We say that two morphisms $f$, $g$ as in (1) of the definition define the same rational map instead of saying that they are equivalent. In many cases we will consider in the future, the algebraic spaces $X$ and $Y$ will contain a dense open subspaces $X'$ and $Y'$ which are schemes. In that case a rational map from $X$ to $Y$ is the same as an $S$-rational map from $X'$ to $Y'$ in the sense of Morphisms, Definition 67.47.1. Then all of the theory developed for schemes can be brought to bear.

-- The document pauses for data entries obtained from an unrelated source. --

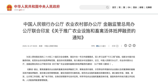 2025年12月,中國(guó)人民銀行、農(nóng)業(yè)農(nóng)村部、金融監(jiān)管總局聯(lián)合印發(fā)《關(guān)于推廣農(nóng)業(yè)設(shè)施和畜禽活體抵押融資的通知》,明確將牛、羊、豬等納入合格抵押物范圍,標(biāo)志畜禽活體獲金融市場(chǎng)認(rèn)可,成為可撬動(dòng)資金的有效資產(chǎn),為破解畜牧業(yè)融資難題奠定政策基礎(chǔ)。
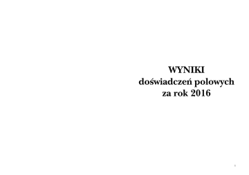 WYNIKI doœwiadczeñ polowych za rok 2016 1 2 średnia dobowa w ?C 21,1 19,9 20,6 20,5 23,5 22,8 20,7 22,3 16,0 18,5 12,6 15,7 10,1 6,6 6,2 7,6 6,0 9 0,8 5,3 4,4 2,4 2,6 3,1 512,3 Grudzień Listopad Październik Wrzesień Sierpień Lipiec 14,5 3,0 19,3 36,8 6,1 0 5,6 11,7 9,9 14,0 16,1 40,0 21,4 7,9 1,9 31,2 30,4 7,8 54,7 92,9 0 8,0 1,1 9,1 6,1 19,3 5,1 30,5 7,5 37,4 20,1 65 22,4 7,7 8,6 38,7 9,6 23,6 25,5 93,7 9,9 20,8 3,3 34 18,8 10,5 9,2 38,5 Czerwiec Maj Kwiecień Marzec suma w mm RAZEM 651,3 13,1 25,7 26,5 65,3 7,2 6,1 8,8 22,1 5,3 21,4 28,9 55,6 0 37,6 0,5 38,1 4,5 84 21 109,5 6,7 7,4 1,3 15,4 I II III Σ/ŚREDNIA I II III Σ/ŚREDNIA I II III Σ/ŚREDNIA I II III Σ/ŚREDNIA I II III Σ/ŚREDNIA I II III Σ/ŚREDNIA suma w mm 19,3 63,4 20,2 102,9 24,6 4,4 30,3 59,3 15,9 19,3 4,4 39,6 78,9 13,1 26,7 118,7 30,4 suma w mm 2015 2016 średnia dobowa w ?C 18,3 18,6 20,7 19,2 19,0 16,3 18,4 17,9 18,1 16,0 12,1 15,4 8,8 6,5 7,2 7,5 4,2 2015 Dekada 2016 Temperatura Miesiąc 2015 średnia dobowa w ?C -2,4 3,6 1,0 0,73 -1,9 0,3 5,8 1,4 2,8 3,3 7,4 4,5 4,3 9,4 12,6 8,8 13,1 13,4 12,8 13,1 19,5 17,9 16,4 17,9 Luty W III dekadzie sierpnia wiêksze opady umo¿liwi³y prawid³owe przygotowanie i terminowy siew rzepaku ozimego. I II III Σ/ŚREDNIA I II III Σ/ŚREDNIA I II III Σ/ŚREDNIA I II III Σ/ŚREDNIA I II III Σ/ŚREDNIA I II III Σ/ŚREDNIA Wysoka temperatura oraz niewielkie opady w I po³owie sierpnia umo¿liwi³y sprawne zakoñczenie ¿niw. Styczeń W lipcu wysokiej temperaturze towarzyszy³y znaczne opady deszczu, szczególnie w II dekadzie. Poprawa pogody w III dekadzie umo¿liwi³a zbiór rzepaku oraz zbó¿. suma w mm Maj by³ ciep³y z niezbyt du¿¹ iloœci¹ opadów. Taka pogoda utrzymywa³a siê tak¿e w czerwcu, dziêki czemu terminowo wykonano zabiegi ochrony i nawo¿enia. 2016 Z nastaniem kwietnia przysz³o ocieplenie, które umo¿liwi³o siew zbó¿ jarych oraz roœlin str¹czkowych. Koniec miesi¹ca by³ ciep³y i suchy, co umo¿liwi³o posadzenie ziemniaków oraz siew kukurydzy. Sprzyjaj¹ca pogoda w kwietniu umo¿liwi³a wykonanie zabiegów nawo¿enia oraz ochrony prowadzonych doœwiadczeñ. średnia dobowa w ?C -6,4 -1,8 -0,6 -2,9 4,9 4,1 3,4 4,1 4,6 3,5 5,3 4,5 11,2 10,4 7,8 9,8 12,5 11,3 17,8 13,9 16,1 18,0 22,1 18,7 Marzec okaza³ siê ch³odnym i doœæ suchym miesi¹cem. 2015 Koñcem III dekady lutego poprawa pogody i ciep³o spowodowa³y wznowienie wegetacji roœlin, na które zastosowano I dawkê nawo¿enia pog³ównego azotem. 2016 W drugiej po³owie stycznia i w lutym 2016 r. nast¹pi³o znaczne ocieplenie, któremu towarzyszy³y opady œniegu, a potem deszczu. Dekada Grudzieñ by³ doœæ ciep³y z niewielk¹ iloœci¹ opadów. Znaczne och³odzenie nast¹pi³o na prze³omie 2015 i 2016 r. Brak okrywy œnie¿nej oraz znaczne spadki temperatury w nocy spowodowa³y czêœciowe uszkodzenie roœlin pszenicy ozimej pochodz¹cych z opóŸnionych zasiewów. Miesiąc PaŸdziernik by³ ciep³y i suchy. Sprzyjaj¹ca pogoda na prze³omie paŸdziernika i listopada umo¿liwi³a jesienne zwalczanie chwastów w zbo¿ach ozimych oraz wykonanie jesiennego nawo¿enia dolistnego doœwiadczeñ. W III dekadzie listopada nast¹pi³o och³odzenie, z czêstymi nocnymi przymrozkami. Stan roœlin rzepaku przed zim¹ by³ bardzo dobry. Natomiast stan zbó¿ by³ zró¿nicowany i uzale¿niony od terminu siewu. Opady Na prze³omie wrzeœnia i paŸdziernika wykonano siew zbó¿ ozimych w such¹ glebê. Wschody roœlin by³y dobre i równomierne pomimo niskiej iloœci opadów. Temperatura Opady deszczu za wrzesieñ wynios³y 55,6 mm. Miesi¹c by³ ciep³y i suchy. Opady Brak opadów w sierpniu 2015 r. utrudni³ wykonanie uprawek po¿niwnych oraz przygotowanie roli pod siew rzepaku ozimego na rok nastêpny. Tab. 1. Dekadowe sumy opadów i œrednie dekadowe temperatury powietrza za lata 2015-2016 wg pomiarów stacji meteorologicznej na polu doœwiadczalnym PODR Boguchwa³a PRZEBIEG POGODY I JEJ WP£YW NA WEGETACJÊ ROŒLIN 3 Wprowadzenie I. DOŒWIADCZENIA PDO Sezon rolniczy 2015-2016 mo¿na okreœliæ mianem udanego. Uzyskano wysokie plony zbó¿ ozimych, rzepaku ozimego, kukurydzy i ziemniaków. Plonowanie roœlin str¹czkowych (bobik, groch, ³ubin, soja) by³o na œrednim poziomie, a na obni¿enie plonu wp³yw mia³ brak odpowiedniej iloœci opadów w maju i czerwcu. Doœwiadczenia PDO prowadzone by³y w oparciu o metodykê instytutów bran¿owych, takich jak: COBORU w S³upi Wielkiej, IUNG - PIB w Pu³awach, IOR - PIB w Poznaniu, IHAR - PIB w Radzikowie oraz w³asn¹. Odmiany by³y wysiewane w czterech powtórzeniach. Celem niniejszych doœwiadczeñ polowych by³o sprawdzenie w lokalnych warunkach glebowo-klimatycznych mo¿liwoœci wykorzystania genetycznego potencja³u plonotwórczego badanych odmian. Doœwiadczenia odmianowe z pszenic¹ ozim¹, pszen¿ytem ozimym, jêczmieniem ozimym i pszenic¹ jar¹ prowadzono w ramach Porejestrowego Doœwiadczalnictwa Odmianowego (PDO), wed³ug metodyki COBORU przy dwóch poziomach agrotechniki: Przebieg pogody w ró¿nym stopniu wp³ywa³ na plonowanie roœlin. Do niekorzystnych warunków pogodowych, które wp³ynê³y ujemnie na wzrost i rozwój roœlin nale¿a³y: sucha jesieñ, brak odpowiedniej okrywy œnie¿nej w zimie w po³¹czeniu ze znacznymi spadkami temperatury, brak dostatecznej iloœci opadów w maju i w czerwcu, wysokie temperatury w lecie. Dodatnio na plon wp³ynê³y: d³uga i ciep³a jesieñ, stosunkowo krótka i doœæ ³agodna zima, wczesna wiosna i letnie opady deszczu. Dodatkowym czynnikiem wp³ywaj¹cym korzystnie na plonowanie roœlin na polu doœwiadczalnym by³y wystêpuj¹ce kilkakrotnie punktowo opady deszczu. Niezbyt wysoka suma opadów w okresie wegetacji korzystnie wp³ynê³a na zdrowotnoœæ roœlin oraz brak wylegania. W sezonie 2015-2016 zaobserwowano ni¿sze ni¿ w latach ubieg³ych pora¿enie roœlin przez choroby grzybowe oraz mniejsze wyleganie roœlin. Stoj¹ce roœliny oraz sprzyjaj¹ca pogoda umo¿liwi³y szy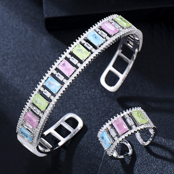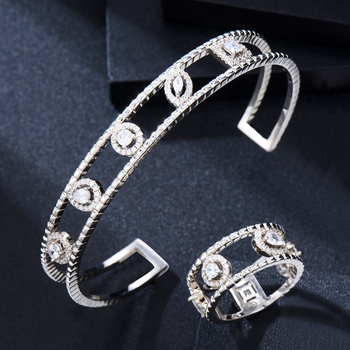 H187A แหวนกำไลข้อมือสุดโรแมนติกอินเทรนด์ชุดเครื่องประดับ2ชิ้นใหม่ขายดีคุณภาพสูงชุดเครื่องประดับงานแต่งงานแวววาวของขวัญแฟชั่นผู้หญิงสุดฮอต

Definition 67.47.2. Let $S$ be a scheme. Let $X$ be an algebraic space over $S$. A rational function on $X$ is a rational map from $X$ to $\mathbf{A}^1_ S$.

Looking at the discussion following Morphisms, Definition 29.49.3 we find that this is the same as the notion defined there in case $X$ happens to be a scheme.

Recall that we have the canonical identification

\[ \mathop{\mathrm{Mor}}\nolimits _ S(T, \mathbf{A}^1_ S) = \mathop{\mathrm{Mor}}\nolimits (T, \mathbf{A}^1_\mathbf {Z}) = \Gamma (T, \mathcal{O}_ T) \]

for any scheme $T$ over $S$, see Schemes, Example 26.15.2. Hence $\mathbf{A}^1_ S$ is a ring-object in the category of schemes over $S$. In other words, addition and multiplication define morphisms

\[ + : \mathbf{A}^1_ S \times _ S \mathbf{A}^1_ S \to \mathbf{A}^1_ S \quad \text{and}\quad * : \mathbf{A}^1_ S \times _ S \mathbf{A}^1_ S \to \mathbf{A}^1_ S \]

satisfying the axioms of the addition and multiplication in a ring (commutative with $1$ as always). Hence also the set of rational maps into $\mathbf{A}^1_ S$ has a natural ring structure.

Definition 67.47.3. Let $S$ be a scheme. Let $X$ be an algebraic space over $S$. The ring of rational functions on $X$ is the ring $R(X)$ whose elements are rational functions with addition and multiplication as just described.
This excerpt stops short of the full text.